April 12, 2017  |  Share:

 

To look at a lot of the new tonnage hitting the waterways of the world these days, you’d think that most of the bally cruise lines are hooked on the old adage that says ‘The bigger, the better,’ and that truly is frightful nonsense.

Yes, we understand ‘economies of scale’ and ‘high yields’ and even ‘Let’s-get-as-much-on-board-as-possible-and-see-if-we-can-appeal-to-everyone.’ But, at some point it has to stop, because bigger can also be more clunky, more crowded and more over-blown.

Take Howard Hughes and the Spruce Goose, for example. An attempt to build the world’s largest plane, its only flight lasted little more than a mile at an altitude of 70 feet, and a bigger white elephant in transport terms is hard to imagine.

That’s not to say most mega-ships these days are over-priced anachronisms (Treadwell says that would be afternoon tea at The Ritz – from a mere £54 per person; can you believe it? That’s more than I paid for my first car!). True, there is something distinctly elephantine about mega-ships, but they do have their finer points.

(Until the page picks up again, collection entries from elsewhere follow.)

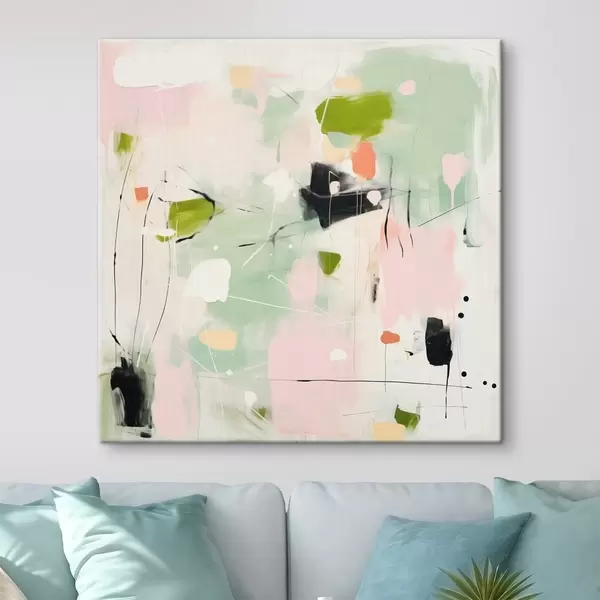 Wandbilder Rosa und Mint, pastellfarbene Pinselstriche s46324
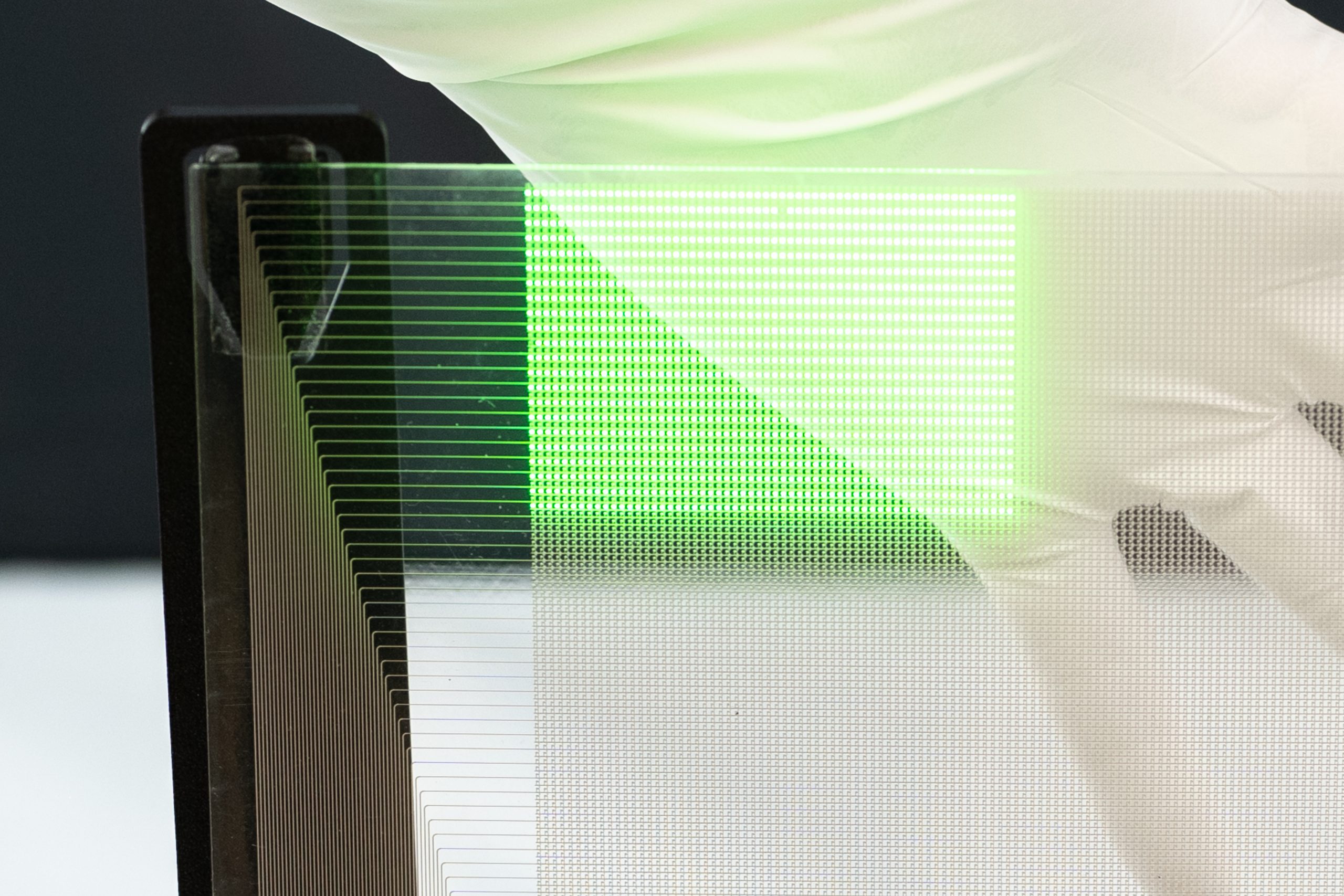 This level of complexity (100‘s of printed signal lines that are 40 µm wide, 100‘s of printed power lines that are 150 µm wide, separated by a 2-layered dielectric print) has seldom been demonstrated in printed electronics. On top of this, >25k miniLEDs of 200 µm x 100 µm have been assembled, making this one of the most complex hybrid printed electronics prototypes ever shown to function properly. The entire stack is <0.5 mm thick, which makes this prototype suitable for glass integration.
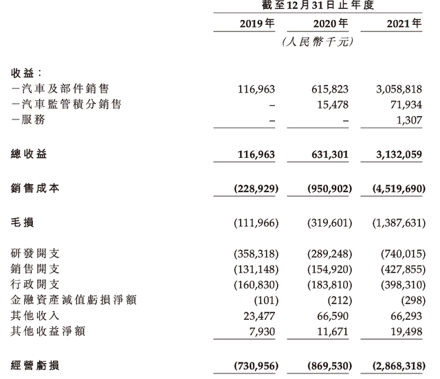 威马汽车2019-2021年部分业绩表现,截图自招股书
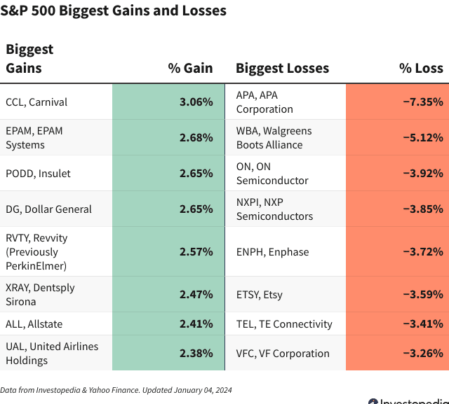 • S&P 500 ఇండెక్స్ జనవరి 4, 2024 గురువారం నాడు 0.3% పడిపోయింది, ఇది సంవత్సరాన్ని ప్రారంభించడానికి US స్టాక్‌లు తమ పాదాలను కనుగొనడానికి కష్టపడుతున్నందున వరుసగా మూడవ రోజు క్షీణతను సూచిస్తుంది.
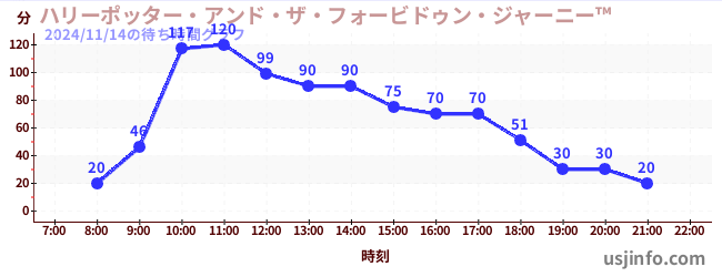• ハリーポッター・アンド・ザ・フォービドゥン・ジャーニー™$B$N(B2024年11月14日の待ち時間
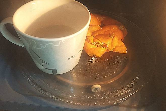 전자레인지도 사용하다 보면 불쾌한 냄새가 날 때가 있는데요. 이럴 때 귤껍질을 넣어주시고요. 물 약간 넣은 머그컵과 함께 3분 정도 돌려주세요.
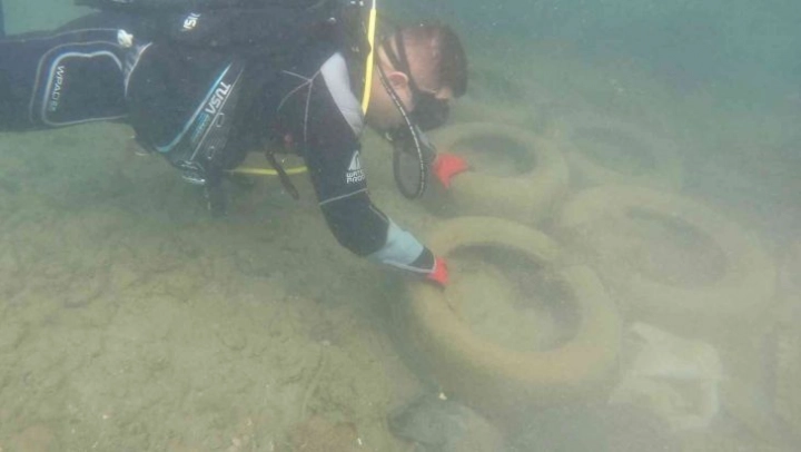 Ekipler, deniz kirliliğine neden olan araç lastikleri, plastik, cam gibi materyalleri torbalar içerisine koyarak yüzeye çıkarttılar.

However, in cruise terms, we prefer to cast our eyes over something smaller. And, thankfully, there are actually increasing numbers of modestly-sized vessels to choose from. Dear old Fred. Olsen still maintain a fleet of medium-sized cruisers (vessels that would have been considered large when first launched but which are now dwarfed by most), while Silversea and Seabourn have, happily, refused to join the rush to ever-larger new-builds, and the likes of Azamara, Oceania and Regent Seven Seas believe that 500-750 passengers is the most they should ever take to sea with.

 

And then there is another breed of sea-going wanderer, the small-ship specialists who completely eschew the mainstream and plough a largely independent nautical furrow around the Americas. People like American Cruise Lines, Pearl Seas Cruises, Viking Ocean Cruises, and UnCruise Adventures.

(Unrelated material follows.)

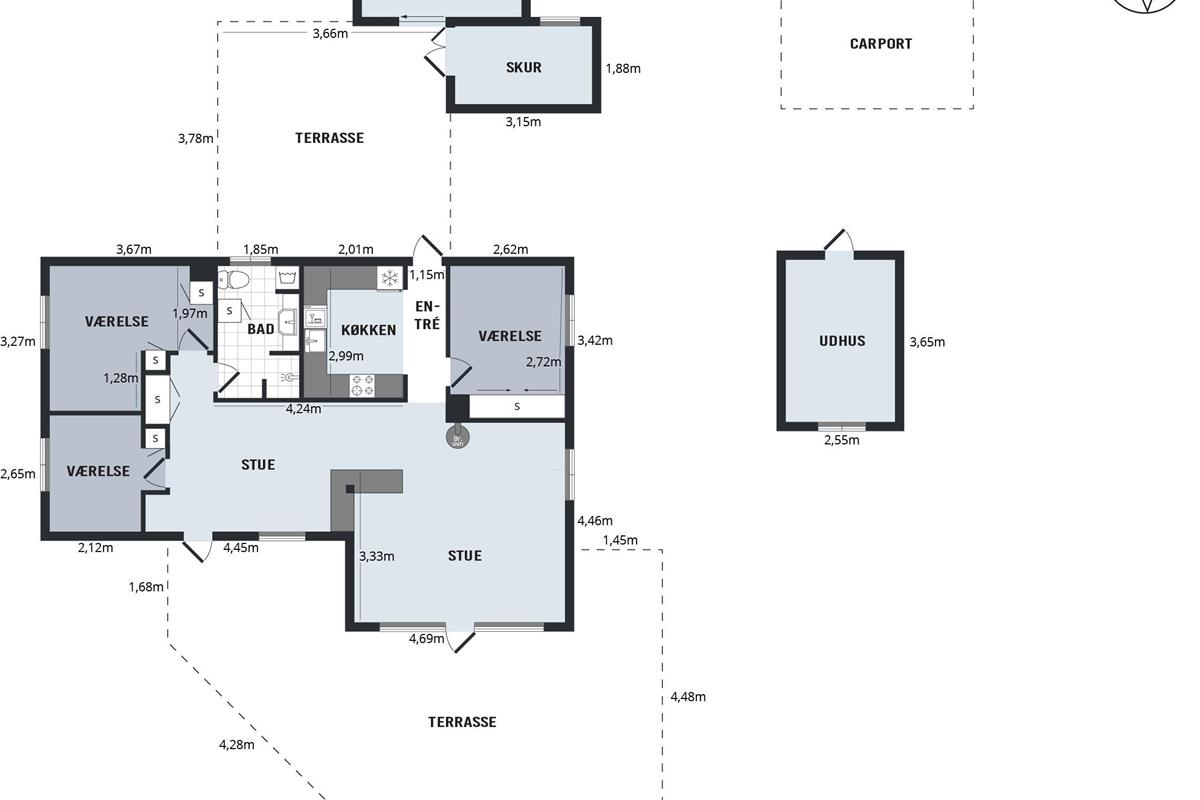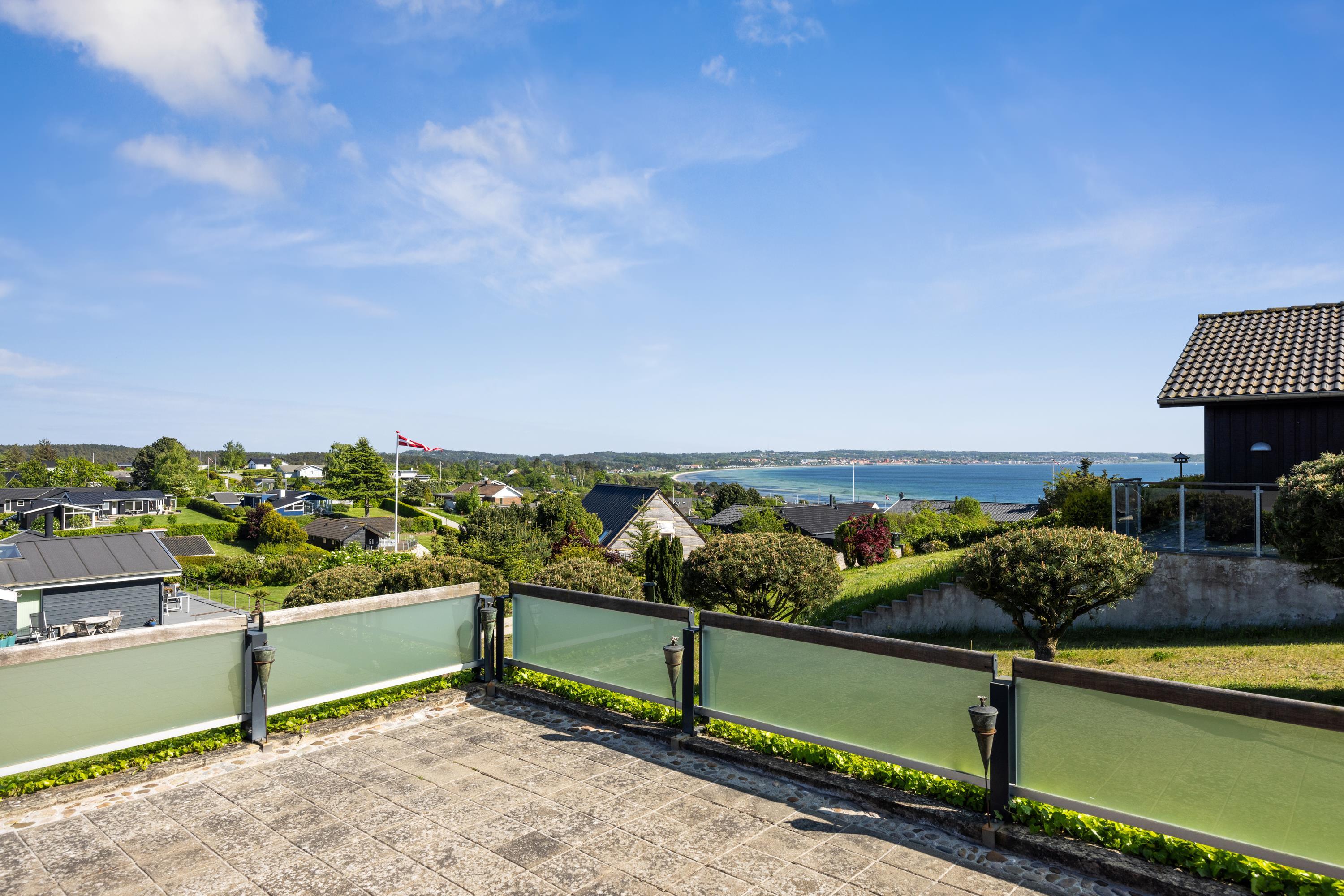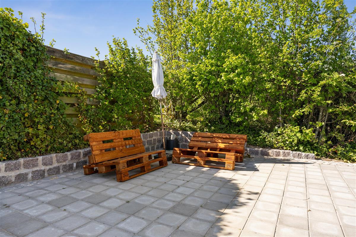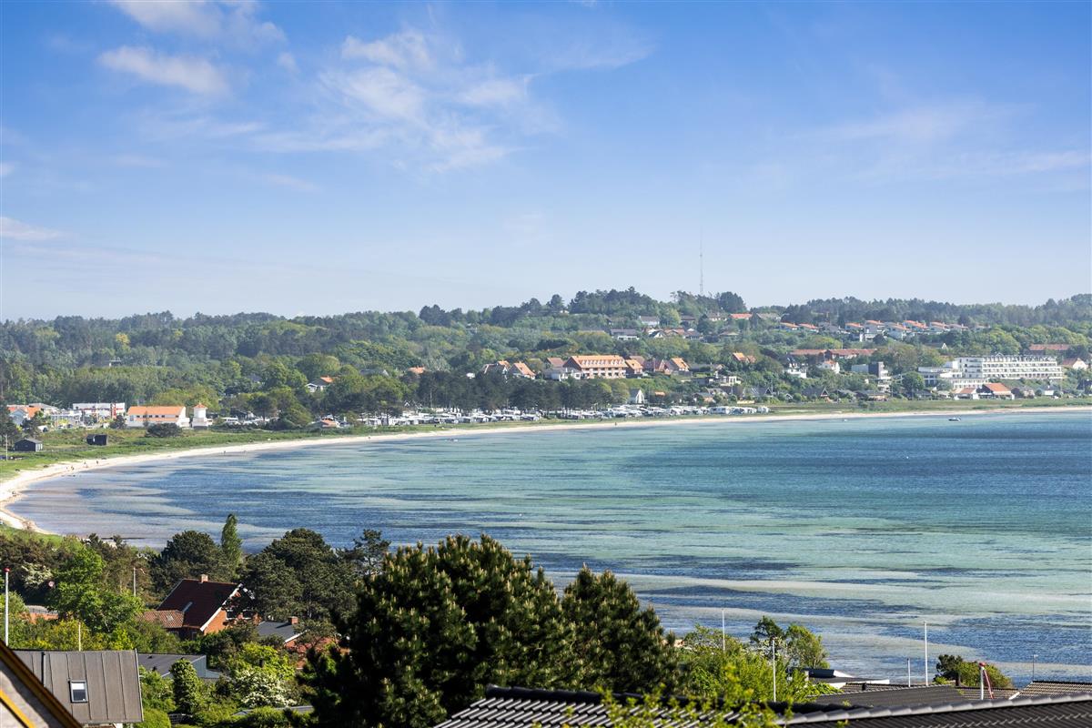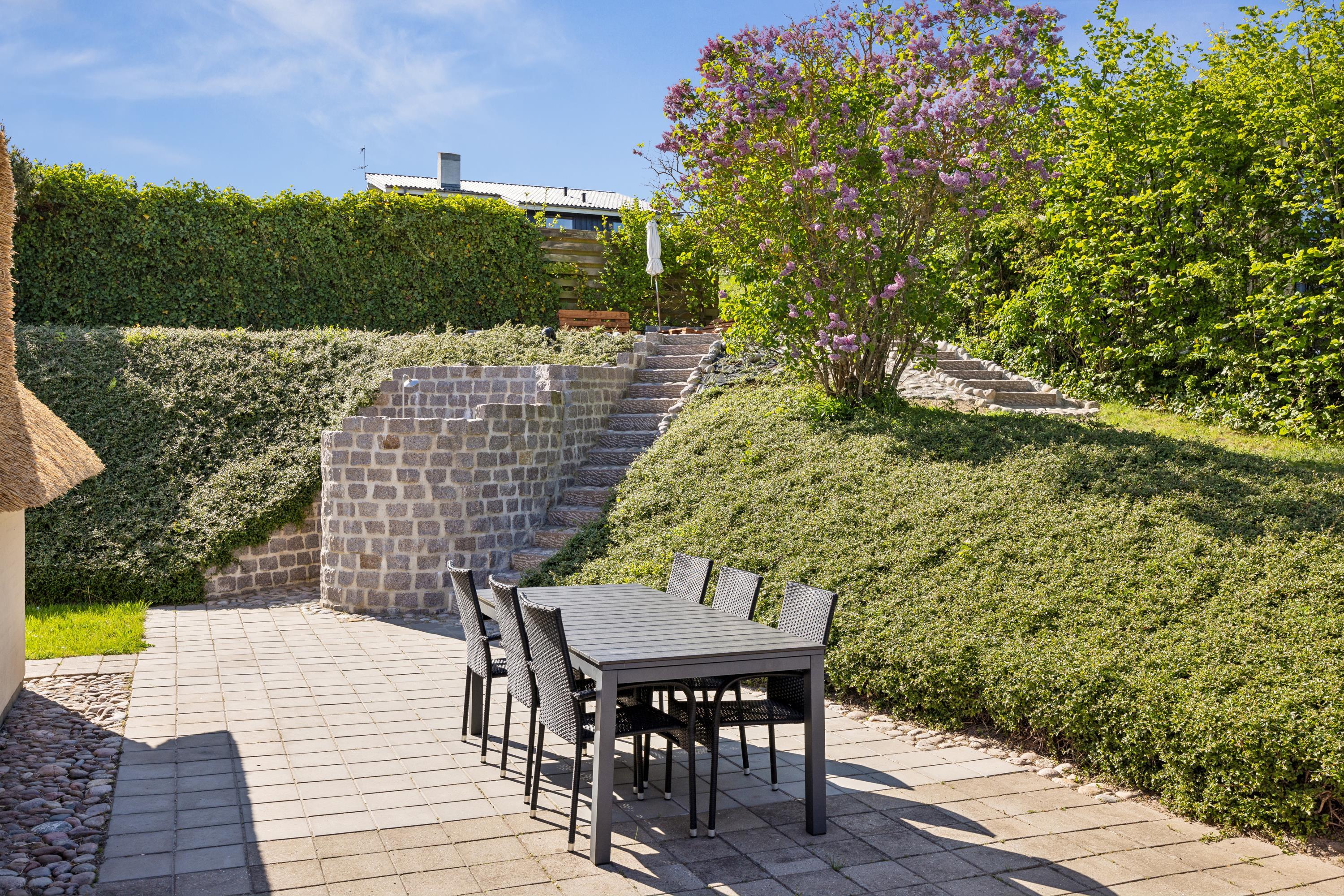 This exceptionally well-maintained holiday home is a rare gem. Here, you get 88 sqm of thatched charm, located high up with a panoramic view over Ebeltoft Bay and the hilly landscape of Egsmark Strand. The house is surrounded by lovely tiled terraces, partially covered facing south, and a secluded courtyard environment where you can enjoy the sun from morning to evening. The entire area is equipped with comfortable garden furniture, sun loungers, a barbecue, and a parasol. The house also has a carport and a lockable shed.

We mention the latter advisedly after we noticed their recent announcement about returning one of their ships to the annual Alaskan voyages in 2018. That ship is the 88-passenger SS Legacy, a replica 1890s coastal steamer that has been plying the Snake and Columbia Rivers in Washington in recent summers.

 

This immediately sent us into a major waltz down La Rue des Memoires, as we had a truly blissful experience with UnCruise a few years ago that we are still trying to replicate. It was a one-off journey of epic proportions and it truly lived up to the company’s slogan of ‘Small ships, Big adventures.”

So who are UnCruise, we hear some of you ask. Well, it certainly isn’t the most catchy name in the world, so you could be forgiven for having them slip beyond your cruise catchment area. It is a moniker that drifts awkwardly into Lewis Carroll’s wacky realm of white rabbits and Mad Hatters. Because, if you can have an Un-Birthday, what does that say about an Un-Cruise?

Is it the very opposite of a cruise? Is it a strange alternative reality version of something cruisey? Or is it a genuine Wonderland experience that somehow hints at cruise travel without really being one?

The answer, of course, is something of all three. It is certainly the opposite of just about every mainstream cruise offering these days, and it is definitely a choice for those who don’t really do cruises. Deliciously, it is also a more eclectic experience that has the basic idea of cruising but then flips things so that it becomes an educational voyage, a historical one, and a nature-lover’s dream, all wrapped up in one neat package; or should we say Un-Birthday present?

 

At UnCruise, they invite you to ‘define your un-ness,’ and, if you can get your head around that painful play on words, you will be well on your way down the rabbit hole to an authentic cruise alternative, where the itinerary is just a suggestion and the true joy is more in the travelling than the arriving, which was pretty much Robert Louis Stevenson’s basic thesis for life (as well as for travelling, which the old boy did a fair bit of).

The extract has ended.